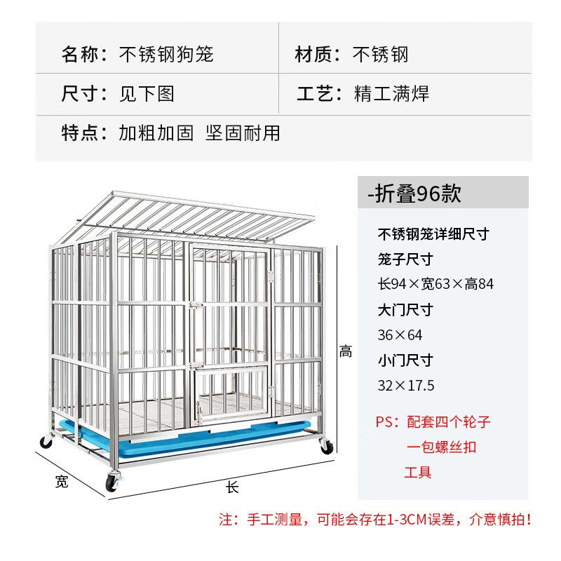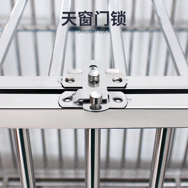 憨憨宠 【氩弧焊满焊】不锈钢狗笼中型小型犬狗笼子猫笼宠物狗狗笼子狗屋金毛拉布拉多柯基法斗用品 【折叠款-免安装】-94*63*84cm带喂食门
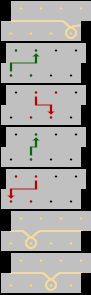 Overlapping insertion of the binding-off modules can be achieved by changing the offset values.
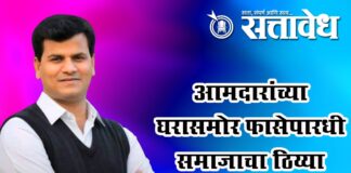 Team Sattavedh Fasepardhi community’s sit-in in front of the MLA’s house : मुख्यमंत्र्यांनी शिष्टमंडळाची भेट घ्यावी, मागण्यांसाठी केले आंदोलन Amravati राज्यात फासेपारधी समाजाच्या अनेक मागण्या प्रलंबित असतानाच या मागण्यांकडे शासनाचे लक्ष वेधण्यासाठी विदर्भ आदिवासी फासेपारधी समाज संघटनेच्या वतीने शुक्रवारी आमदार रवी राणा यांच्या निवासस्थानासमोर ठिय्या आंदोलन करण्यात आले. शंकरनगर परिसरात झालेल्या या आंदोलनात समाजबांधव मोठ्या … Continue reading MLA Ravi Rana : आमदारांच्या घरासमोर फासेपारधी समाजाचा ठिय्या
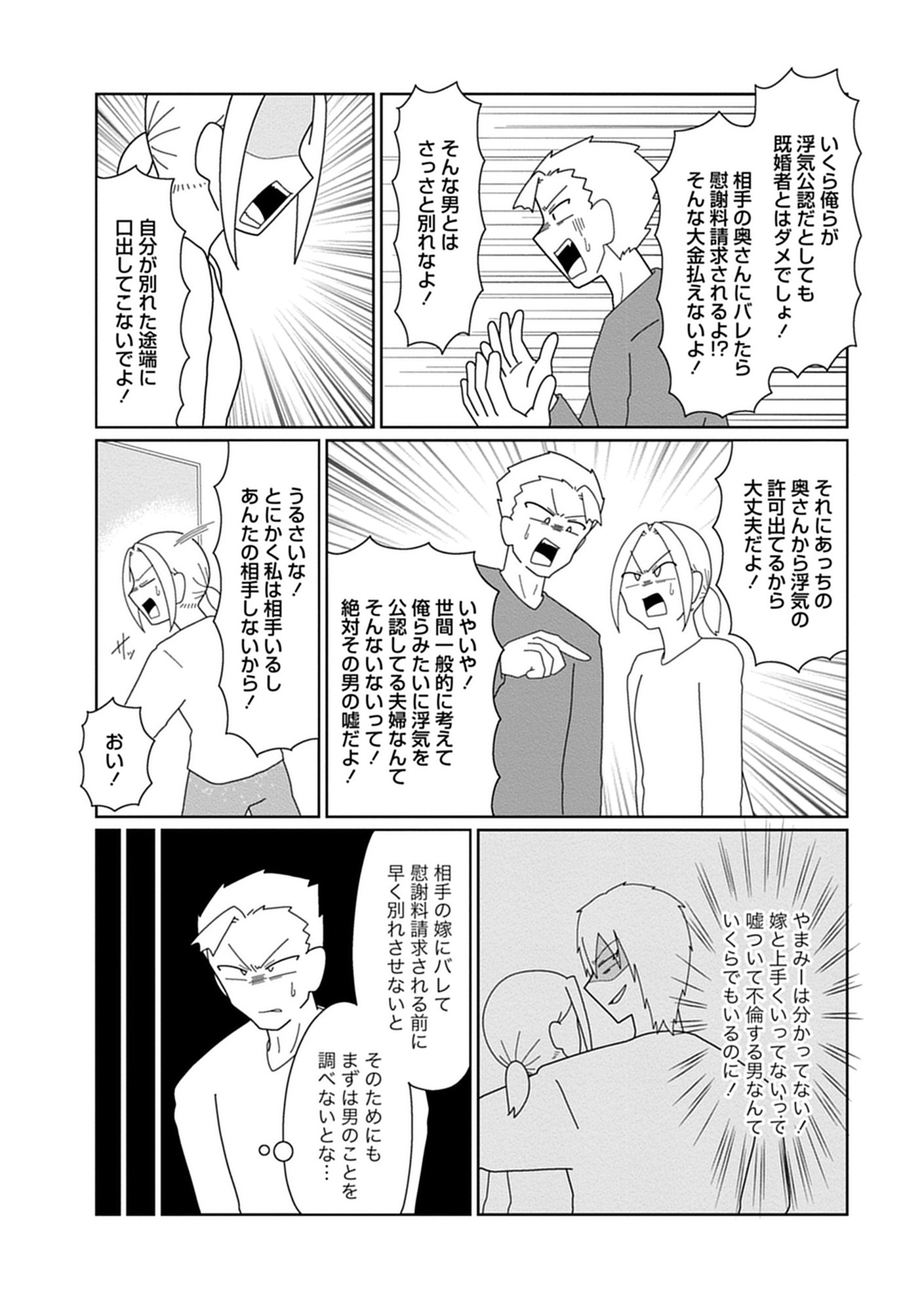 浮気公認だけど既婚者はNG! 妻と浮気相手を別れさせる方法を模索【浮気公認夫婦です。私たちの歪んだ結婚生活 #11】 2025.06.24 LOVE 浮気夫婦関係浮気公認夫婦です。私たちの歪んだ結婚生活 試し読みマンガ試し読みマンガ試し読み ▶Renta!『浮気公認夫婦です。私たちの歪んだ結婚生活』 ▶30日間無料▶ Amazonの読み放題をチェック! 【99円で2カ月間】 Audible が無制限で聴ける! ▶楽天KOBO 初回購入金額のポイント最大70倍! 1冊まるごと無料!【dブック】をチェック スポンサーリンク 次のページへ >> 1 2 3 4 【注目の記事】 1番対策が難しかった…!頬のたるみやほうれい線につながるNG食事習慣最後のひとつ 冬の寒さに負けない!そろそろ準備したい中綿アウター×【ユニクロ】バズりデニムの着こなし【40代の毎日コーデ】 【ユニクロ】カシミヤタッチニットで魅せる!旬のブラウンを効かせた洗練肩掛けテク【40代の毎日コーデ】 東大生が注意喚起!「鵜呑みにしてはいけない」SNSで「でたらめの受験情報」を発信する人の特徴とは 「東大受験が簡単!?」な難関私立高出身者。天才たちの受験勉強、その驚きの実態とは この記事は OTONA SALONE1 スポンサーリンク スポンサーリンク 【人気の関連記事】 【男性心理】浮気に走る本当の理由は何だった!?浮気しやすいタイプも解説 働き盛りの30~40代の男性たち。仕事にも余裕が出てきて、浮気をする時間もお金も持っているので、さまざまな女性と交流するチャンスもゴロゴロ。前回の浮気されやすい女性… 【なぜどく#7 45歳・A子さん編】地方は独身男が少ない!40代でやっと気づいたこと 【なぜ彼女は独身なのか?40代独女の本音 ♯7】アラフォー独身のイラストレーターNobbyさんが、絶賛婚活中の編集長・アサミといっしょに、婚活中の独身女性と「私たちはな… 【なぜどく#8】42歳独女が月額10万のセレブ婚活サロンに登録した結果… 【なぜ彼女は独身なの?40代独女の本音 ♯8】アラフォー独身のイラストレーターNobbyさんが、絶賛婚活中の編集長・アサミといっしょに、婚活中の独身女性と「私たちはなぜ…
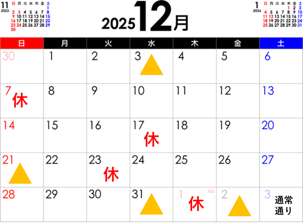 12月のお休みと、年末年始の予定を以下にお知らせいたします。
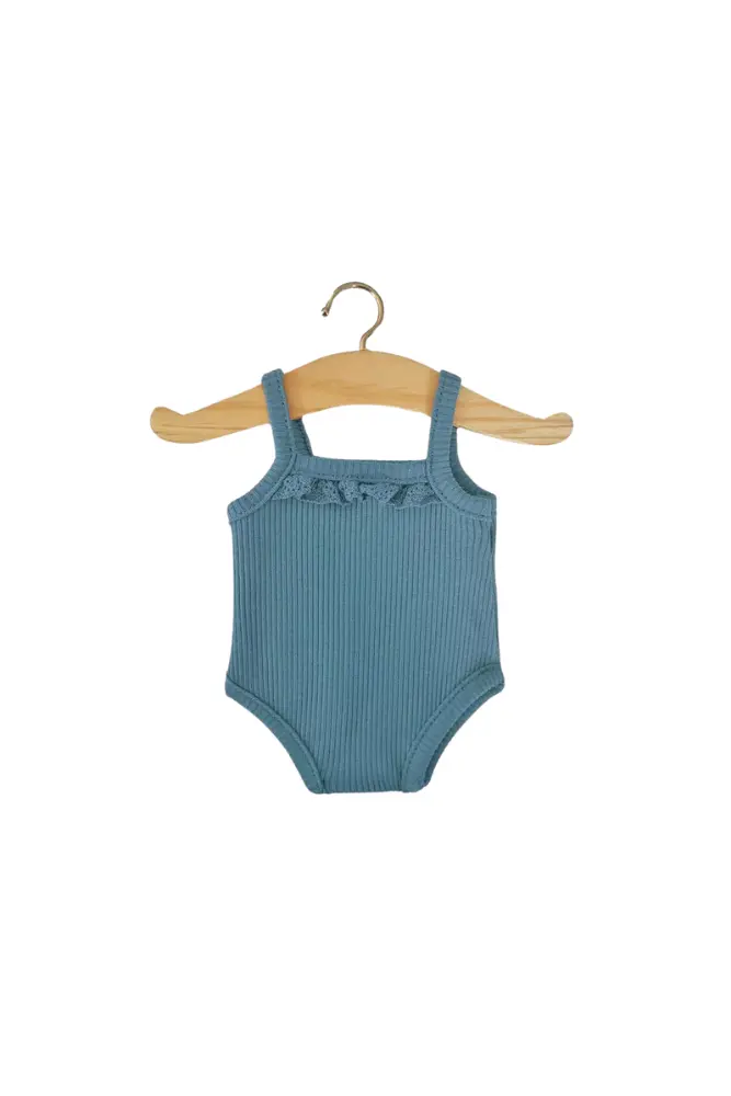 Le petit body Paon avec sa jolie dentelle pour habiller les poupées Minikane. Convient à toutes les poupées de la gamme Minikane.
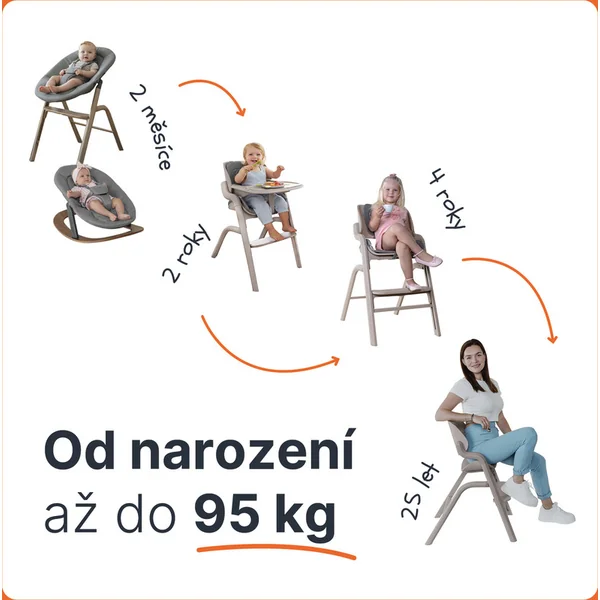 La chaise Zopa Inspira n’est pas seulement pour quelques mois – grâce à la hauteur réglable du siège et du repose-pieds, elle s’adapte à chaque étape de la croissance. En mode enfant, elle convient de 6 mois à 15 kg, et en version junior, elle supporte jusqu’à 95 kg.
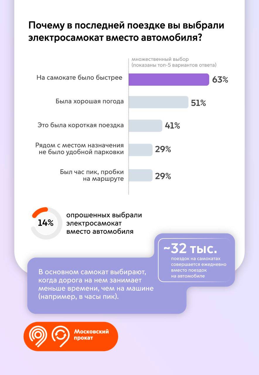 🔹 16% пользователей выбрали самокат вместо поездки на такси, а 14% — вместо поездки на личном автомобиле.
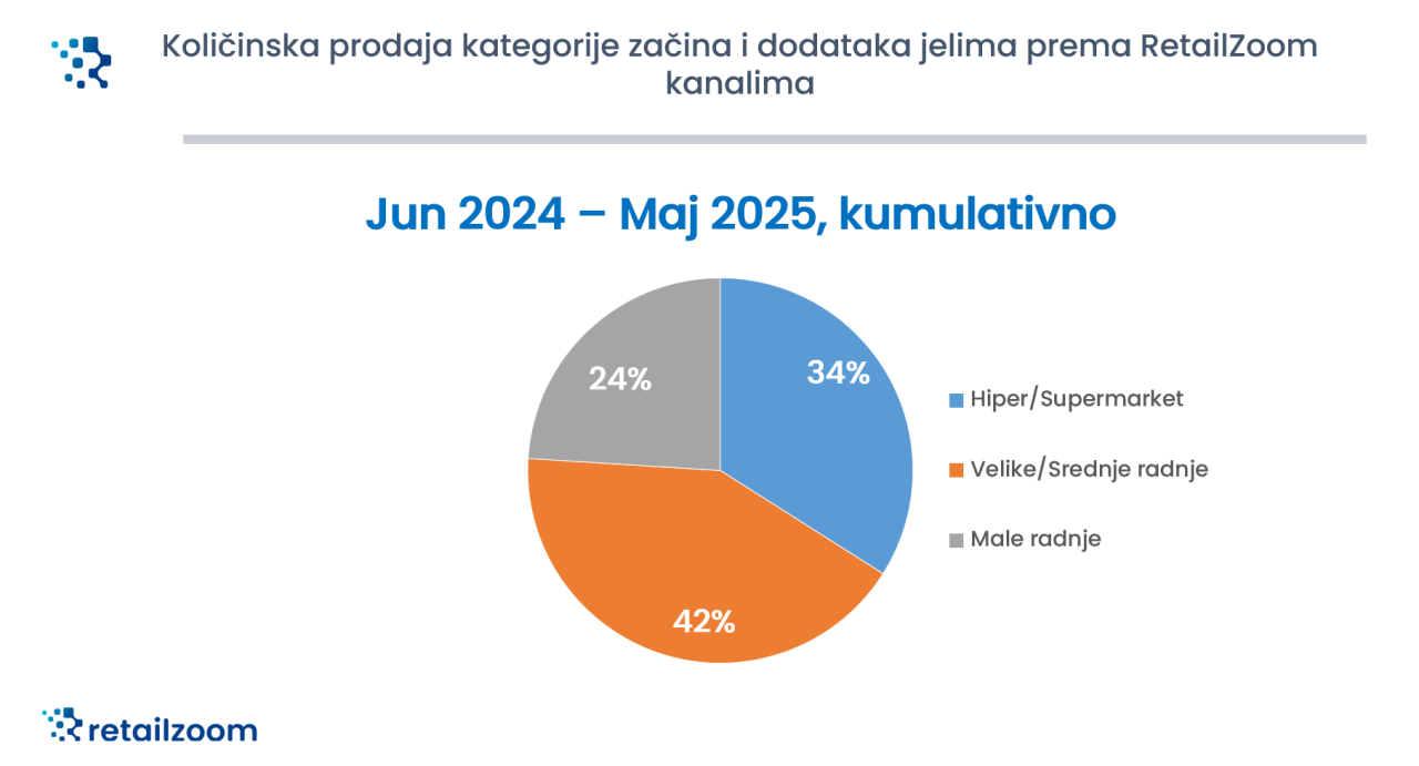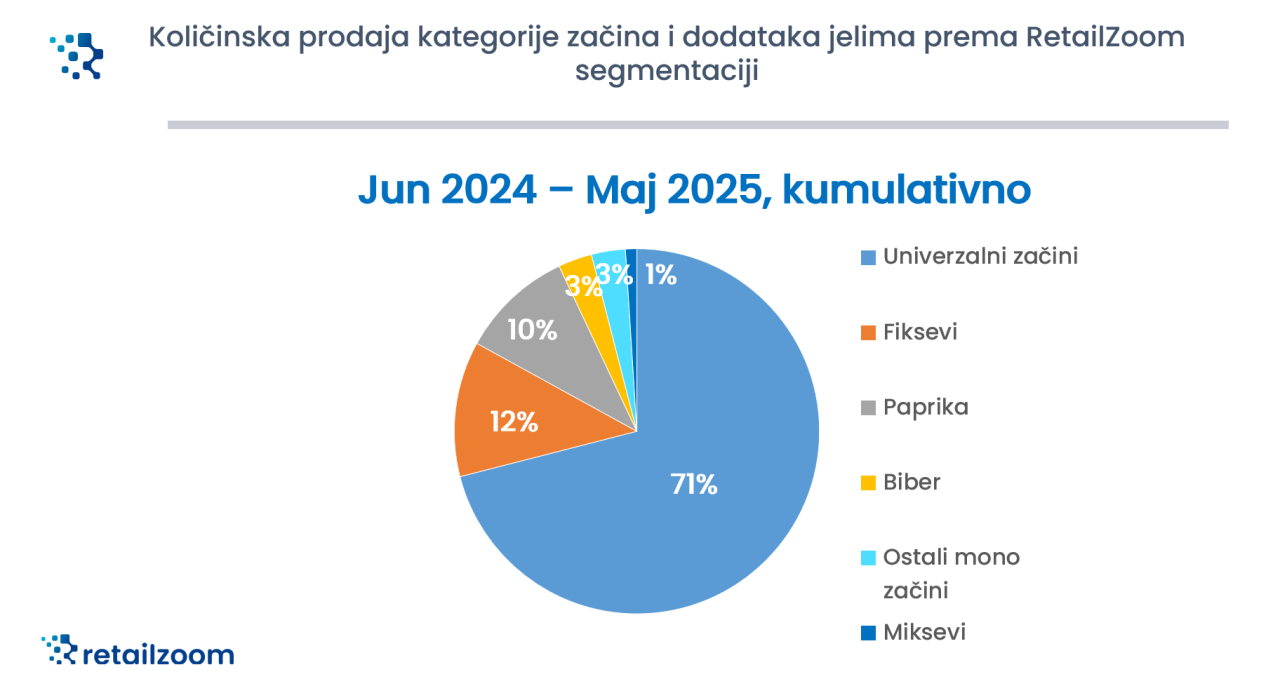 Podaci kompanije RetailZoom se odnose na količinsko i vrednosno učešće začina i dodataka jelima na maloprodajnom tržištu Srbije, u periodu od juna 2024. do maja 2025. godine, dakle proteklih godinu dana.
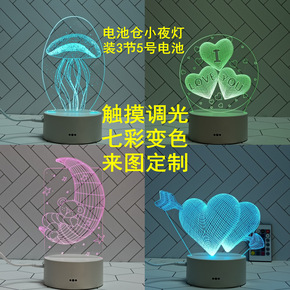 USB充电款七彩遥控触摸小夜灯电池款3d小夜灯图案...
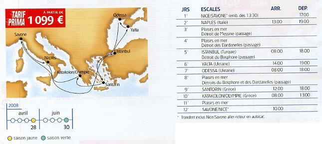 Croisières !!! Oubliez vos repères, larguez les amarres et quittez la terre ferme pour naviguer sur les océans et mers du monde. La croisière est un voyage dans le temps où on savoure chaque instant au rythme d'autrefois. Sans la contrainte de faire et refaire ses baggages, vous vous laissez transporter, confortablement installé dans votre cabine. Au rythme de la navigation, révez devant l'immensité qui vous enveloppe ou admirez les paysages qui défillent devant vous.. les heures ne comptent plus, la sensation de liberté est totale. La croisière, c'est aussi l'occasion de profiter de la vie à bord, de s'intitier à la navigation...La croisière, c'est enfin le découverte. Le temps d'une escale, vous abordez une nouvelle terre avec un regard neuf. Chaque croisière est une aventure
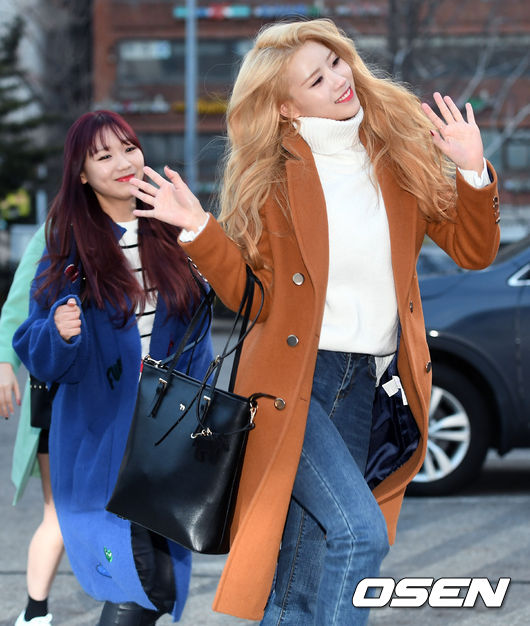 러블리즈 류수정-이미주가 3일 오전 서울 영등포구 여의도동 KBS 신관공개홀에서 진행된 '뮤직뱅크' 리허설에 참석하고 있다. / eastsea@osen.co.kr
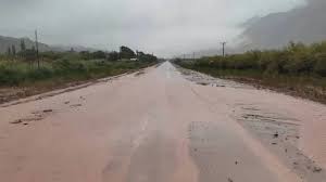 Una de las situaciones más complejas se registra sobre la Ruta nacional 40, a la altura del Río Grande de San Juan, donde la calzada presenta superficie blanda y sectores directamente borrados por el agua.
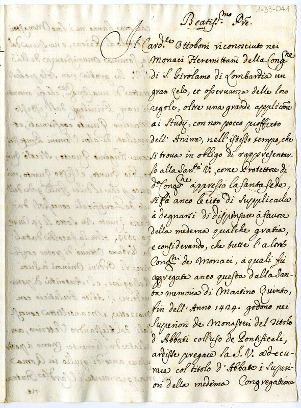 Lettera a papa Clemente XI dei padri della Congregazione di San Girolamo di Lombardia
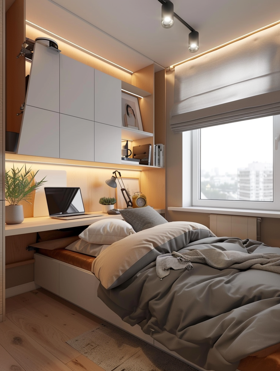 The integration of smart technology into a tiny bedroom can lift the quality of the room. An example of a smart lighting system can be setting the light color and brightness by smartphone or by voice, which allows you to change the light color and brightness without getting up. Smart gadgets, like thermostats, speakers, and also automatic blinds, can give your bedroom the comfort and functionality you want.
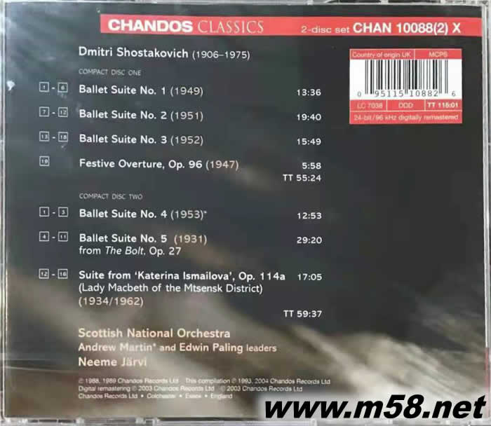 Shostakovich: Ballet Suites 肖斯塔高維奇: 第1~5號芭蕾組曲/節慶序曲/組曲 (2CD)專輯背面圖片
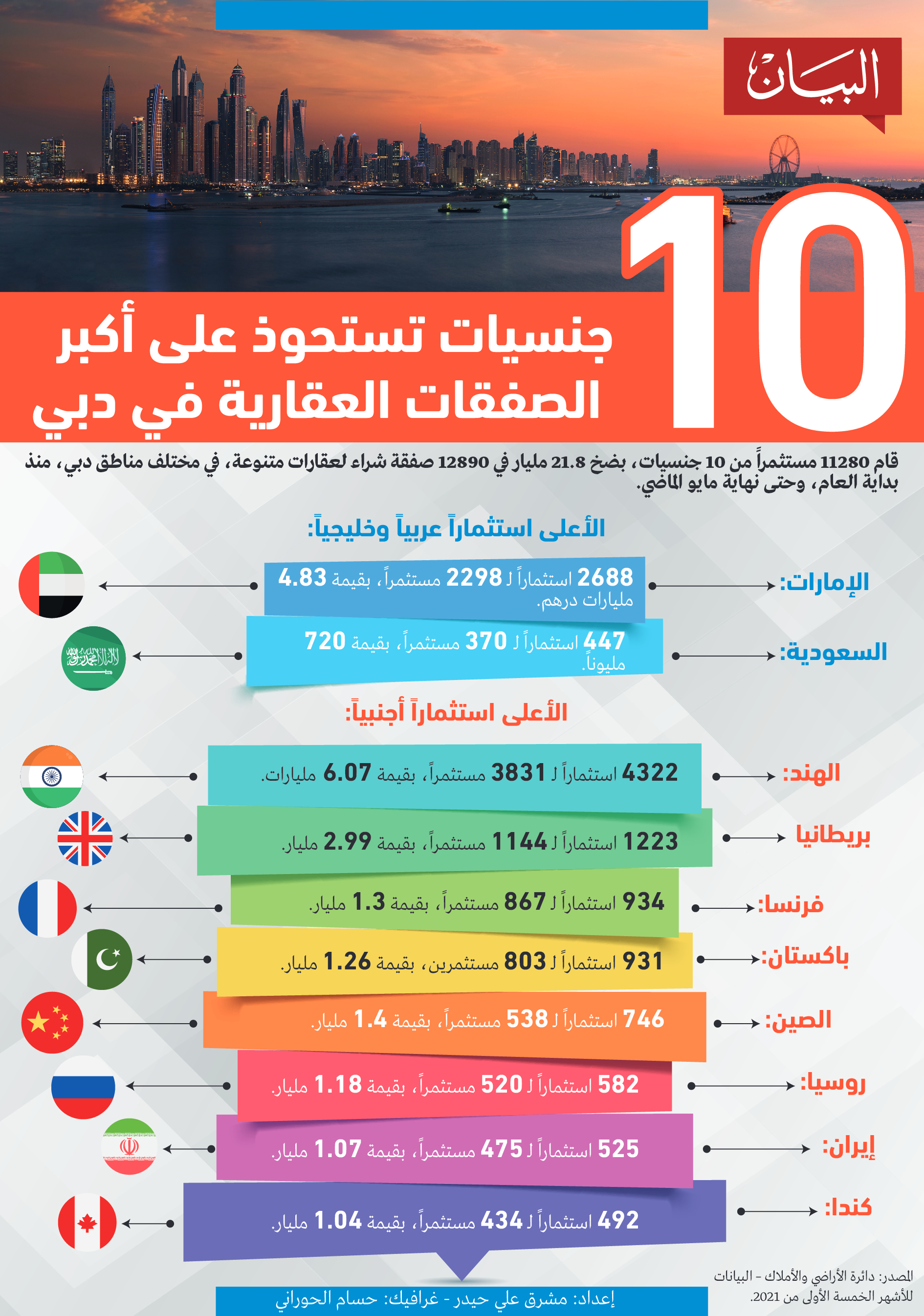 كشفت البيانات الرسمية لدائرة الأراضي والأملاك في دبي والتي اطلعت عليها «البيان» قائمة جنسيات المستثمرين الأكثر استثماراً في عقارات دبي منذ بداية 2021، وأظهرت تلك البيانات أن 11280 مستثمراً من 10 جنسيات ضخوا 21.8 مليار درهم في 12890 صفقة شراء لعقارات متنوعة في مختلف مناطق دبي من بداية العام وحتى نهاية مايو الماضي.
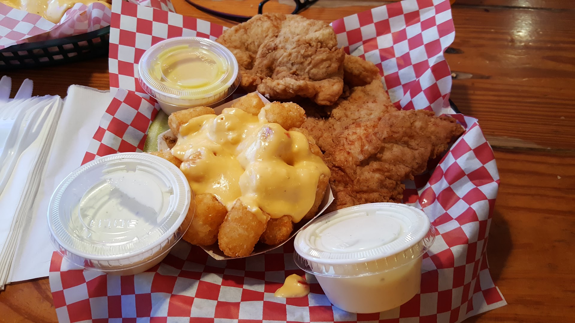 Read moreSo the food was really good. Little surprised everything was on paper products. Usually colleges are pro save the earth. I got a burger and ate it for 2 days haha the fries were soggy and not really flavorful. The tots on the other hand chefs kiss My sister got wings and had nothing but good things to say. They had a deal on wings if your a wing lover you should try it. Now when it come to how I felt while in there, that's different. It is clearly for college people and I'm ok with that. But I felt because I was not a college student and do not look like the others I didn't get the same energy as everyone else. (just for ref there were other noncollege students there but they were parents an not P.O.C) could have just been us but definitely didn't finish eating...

★ ★ ★ ★

■ **Instructions to follow**:
The copy should hold only the lines from the one with "Podaci kompanije RetailZoom" through the one with "USB充电款七彩遥控触摸小夜灯电池款3d小夜灯图案...", exactly as they stand above. Leave out the pictures.

■ **Answer to the exercise**:
 Podaci kompanije RetailZoom se odnose na količinsko i vrednosno učešće začina i dodataka jelima na maloprodajnom tržištu Srbije, u periodu od juna 2024. do maja 2025. godine, dakle proteklih godinu dana.
 USB充电款七彩遥控触摸小夜灯电池款3d小夜灯图案...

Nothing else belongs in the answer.